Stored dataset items
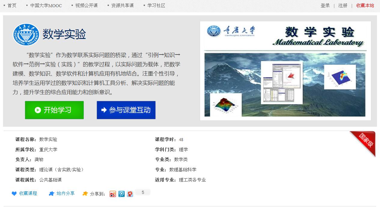 2013 年, 苏畅AV 的“数学实验”课程进入国家精品资源共享课建设行列,点击下列图片可进入中国大学资源共享课学习平台。
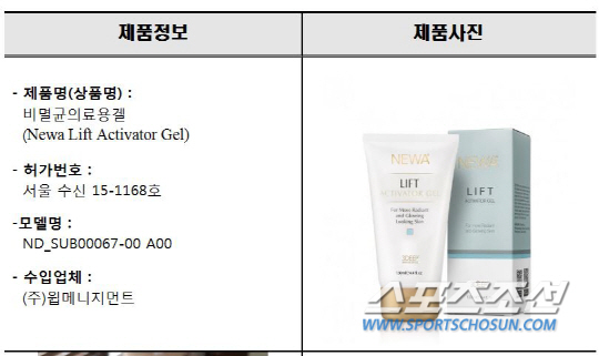 윕메니지먼트가 수입 및 판매한 비멸균의료용겔 'Newa Lift Activator Gel'(모델명: ND_SUB00067-00 A00)의 유통 및 판매를 금지하고 회수를 명령했다고 밝혔다.
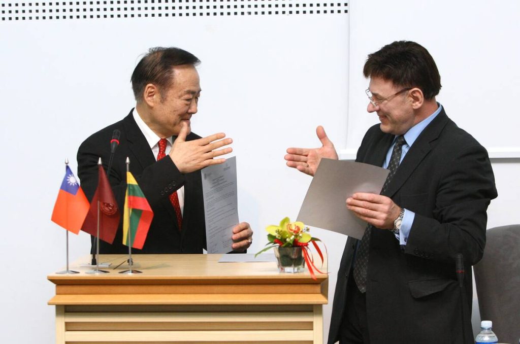 A moment from the opening of the Taiwan Center at Vytautas Magnus University on March 1, 2013. Gary K.Y. Ko, head of the Taipei Mission in Riga, and Prof. Juozas Augutis, rector of Vytautas Magnus University. / Source: Vytautas Magnus University Akimirka iš Taivano centro atidarymo Vytauto Didžiojo universitete 2013 m. kovo 1 d. Taipėjaus misijos Rygoje vadovas Gary K.Y.Ko ir VDU rektorius prof. Juozas Augutis. / Šaltinis: VDU
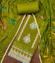 Women's parrot green premium roman cotton embroidered unstitched dress material
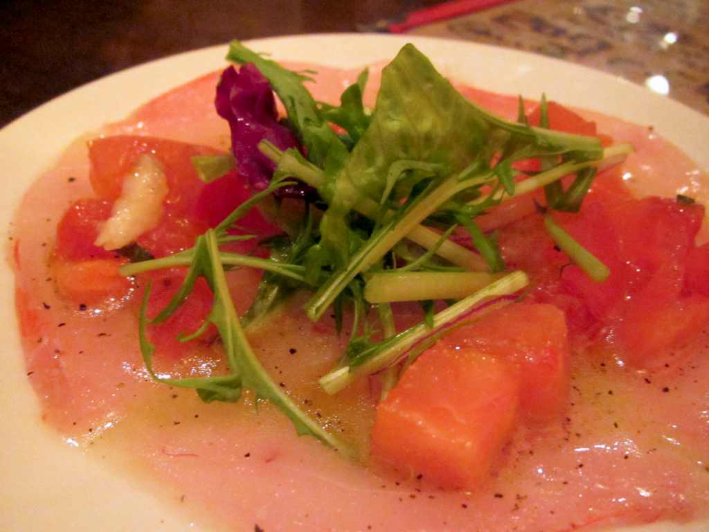 鮮魚のカルパッチョ。かなり小さなお皿でしたがお魚の鮮度はよかったです。
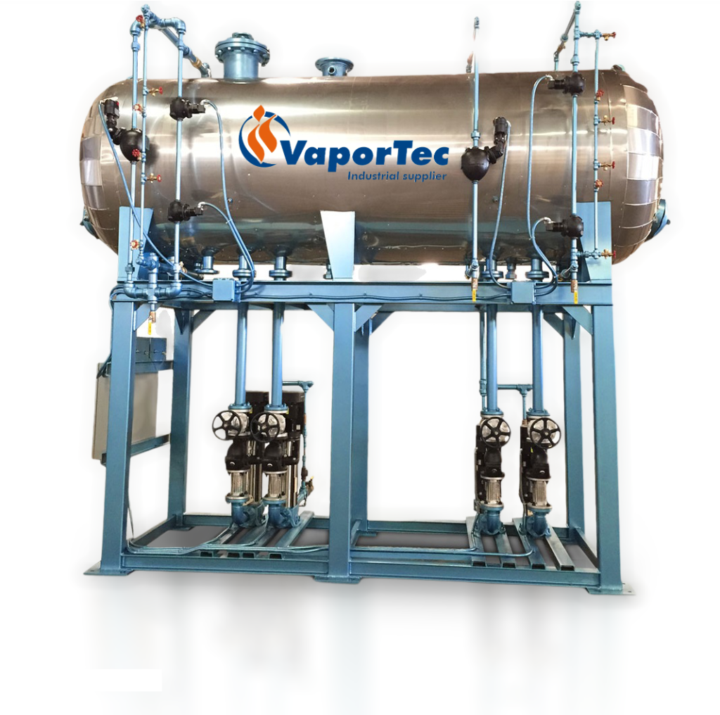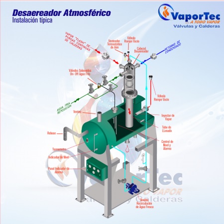 La desaireación mecánica se realiza en equipos denominados desaireadores, que eliminan el oxígeno mediante calentamiento y reducción de presión. El agua se pulveriza dentro del desaireador, aumentando su superficie de contacto y facilitando la liberación de gases. Este método es eficiente para grandes volúmenes, aunque puede requerir ajustes según la variabilidad de la carga térmica. Ver nuestros desaireadores.

Prompt
No pictures belong in the copy. Transcribe every entry exactly.

Solution to this problem
 2013 年, 苏畅AV 的“数学实验”课程进入国家精品资源共享课建设行列,点击下列图片可进入中国大学资源共享课学习平台。
 윕메니지먼트가 수입 및 판매한 비멸균의료용겔 'Newa Lift Activator Gel'(모델명: ND_SUB00067-00 A00)의 유통 및 판매를 금지하고 회수를 명령했다고 밝혔다.
 A moment from the opening of the Taiwan Center at Vytautas Magnus University on March 1, 2013. Gary K.Y. Ko, head of the Taipei Mission in Riga, and Prof. Juozas Augutis, rector of Vytautas Magnus University. / Source: Vytautas Magnus University Akimirka iš Taivano centro atidarymo Vytauto Didžiojo universitete 2013 m. kovo 1 d. Taipėjaus misijos Rygoje vadovas Gary K.Y.Ko ir VDU rektorius prof. Juozas Augutis. / Šaltinis: VDU
 Women's parrot green premium roman cotton embroidered unstitched dress material
 鮮魚のカルパッチョ。かなり小さなお皿でしたがお魚の鮮度はよかったです。
 La desaireación mecánica se realiza en equipos denominados desaireadores, que eliminan el oxígeno mediante calentamiento y reducción de presión. El agua se pulveriza dentro del desaireador, aumentando su superficie de contacto y facilitando la liberación de gases. Este método es eficiente para grandes volúmenes, aunque puede requerir ajustes según la variabilidad de la carga térmica. Ver nuestros desaireadores.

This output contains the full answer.